The human element has proved particularly useful for one variable in PIRUS, which asks what role the internet played in the individual’s radicalization. Knowing this information will yield important insight into an ongoing debate in the field of terrorism studies, between those who believe radicalization often begins and advances online and those who believe the internet is an important, albeit secondary means of radicalization.
Merely finding a mention of the "internet" in an information source—as a computer program would do—would not tell us what role this played, if any, in someone's radicalization. In one example from the dataset, an individual adopted radical beliefs and began acting on them and later watched many extremist videos on the internet; a computer would likely code internet as having an important role, but the human coders close reading of the context of the information resulted in the proper data being coded.

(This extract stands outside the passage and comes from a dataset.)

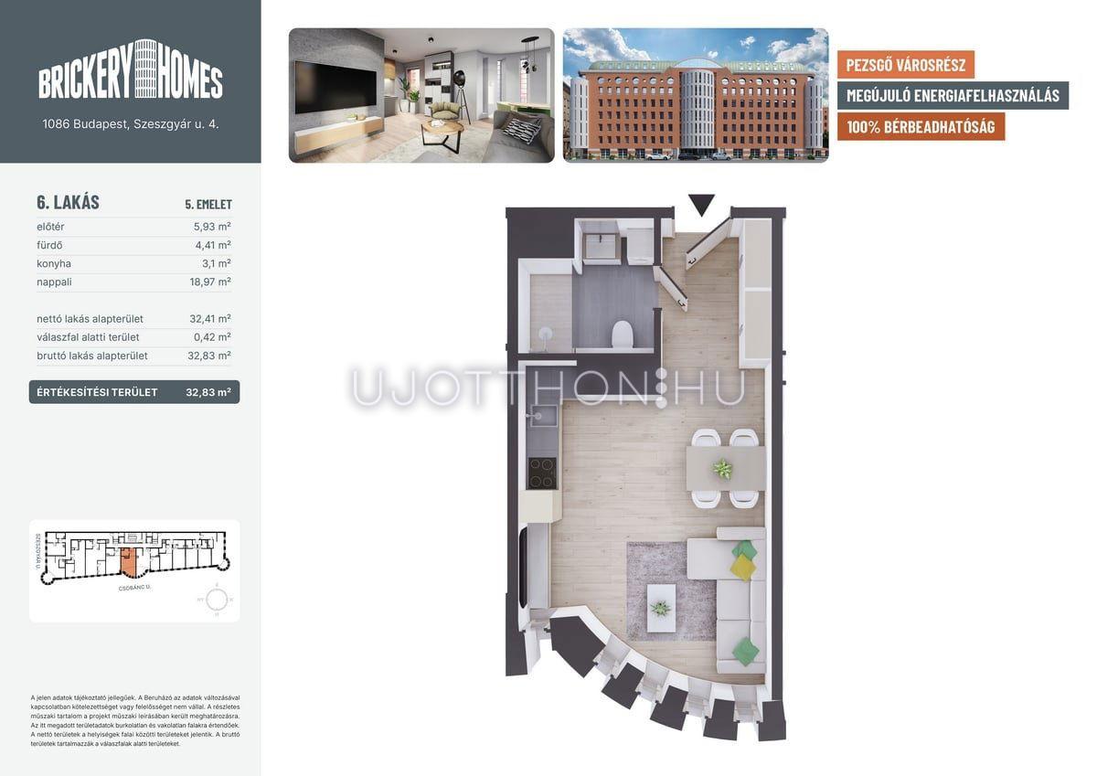 1 szobás 32 m2-es Lakás BrickeryHomes - Budapest VIII. kerület, Józsefváros, Szeszgyár utca 4
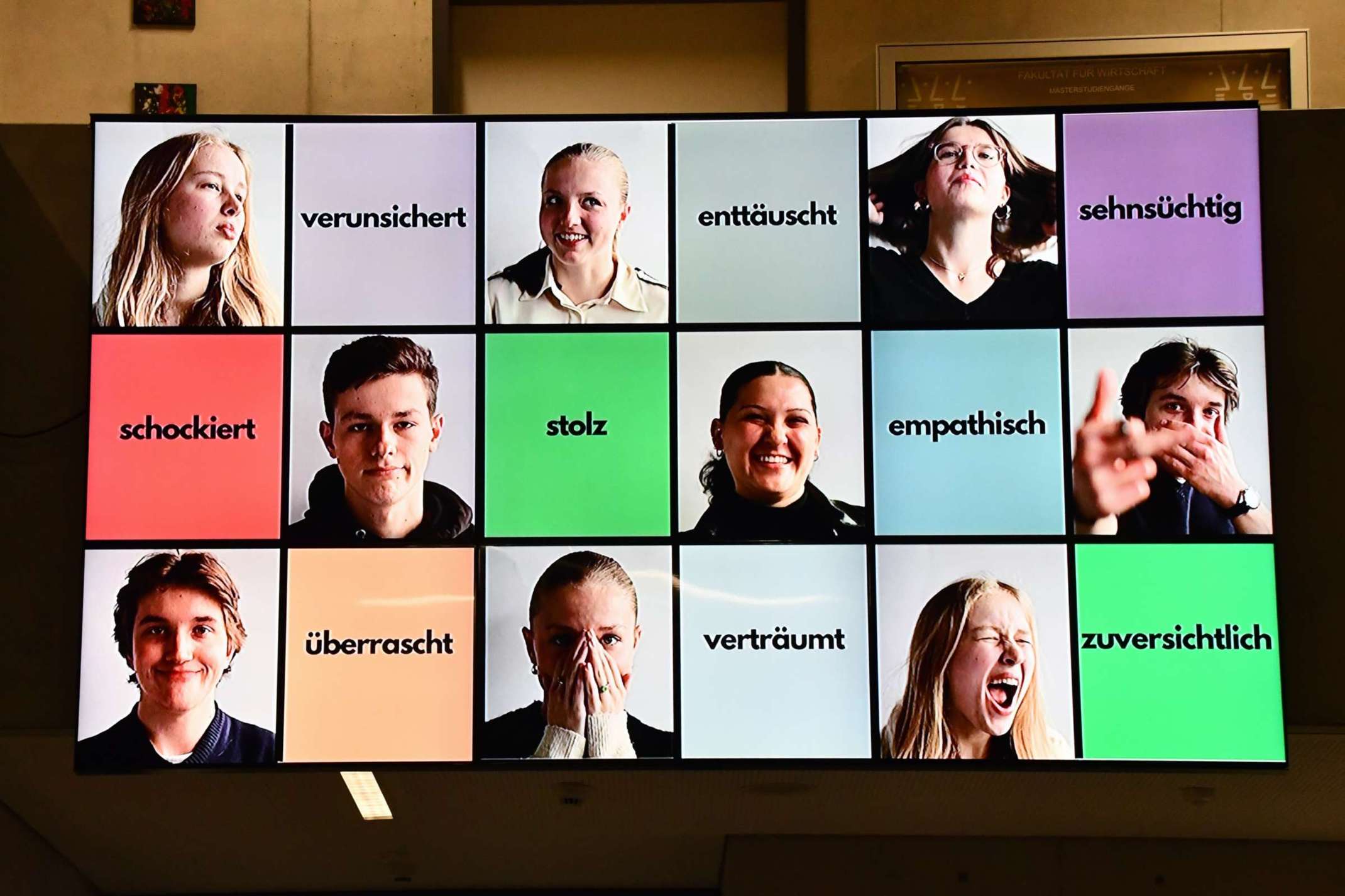 Christian Odato, Kunstpädagoge und Leiter des P-Seminars, erzählt bei der Eröffnungsfeier von der Entstehung der Ausstellung, der Themenfindung, Umsetzung und Suche nach der richtigen Kulisse für die Exponate: „Dass sich die Schüler für das Thema „Gefühle“ entschieden haben, sah ich anfangs skeptisch, denn die künstlerische Umsetzung ist schwierig. Man muss aufpassen, dass man nicht in Klischees verfällt und zu einer einfachen Symbolik greift. Und letztlich ist jedes künstlerische Werk Ausdruck eines Gefühls.“ Odato sieht die Phase des Lockdowns in der Corona-Pandemie als Auslöser für den Wunsch, Gefühle künstlerisch wiederzugeben: „Die Menschen hatten während des Lockdowns Zeit, sich selbst zu reflektieren und innezuhalten. Die Kunst bietet eine Möglichkeit, die unterschiedlichen Gefühle, die uns in dieser Zeit begleiteten und bis heute nachwirken, zum Ausdruck zu bringen.“ Er sei stolz, die vielfältigen Interpretationen heute präsentieren zu dürfen. Die Schüler hätten das Thema auf eindrucksvolle Weise künstlerisch umgesetzt. Und das Fakultätsgebäude mit seinen reduzierten Formen und grauen Wänden bilde einen perfekten Rahmen für diese Ausstellung. Zudem ermögliche die Hochschule als pädagogische Einrichtung vielen Menschen den Zugang zur Kunst und fördere einen lebendigen Austausch.

This is not to say that researchers should avoid "big data" approaches, or that datasets like GDELT are flawed. GDELT is an incredible resource for scholars, and hopefully other projects incorporate some of its procedures. And it is not an "either/or" choice. Researchers could still review the results of automated coding to assess their validity and reliability, as GDELT has done. Or coding procedures could synthesize the relevant strengths of human and automated coding, as Daniel J. Hopkins and Garry King (of Georgetown University and Harvard University, respectively) proposed in a 2010 articleand accompanying software program. But the promise and excitement of "big data" should not cause researchers and policymakers to ignore the human element in coding.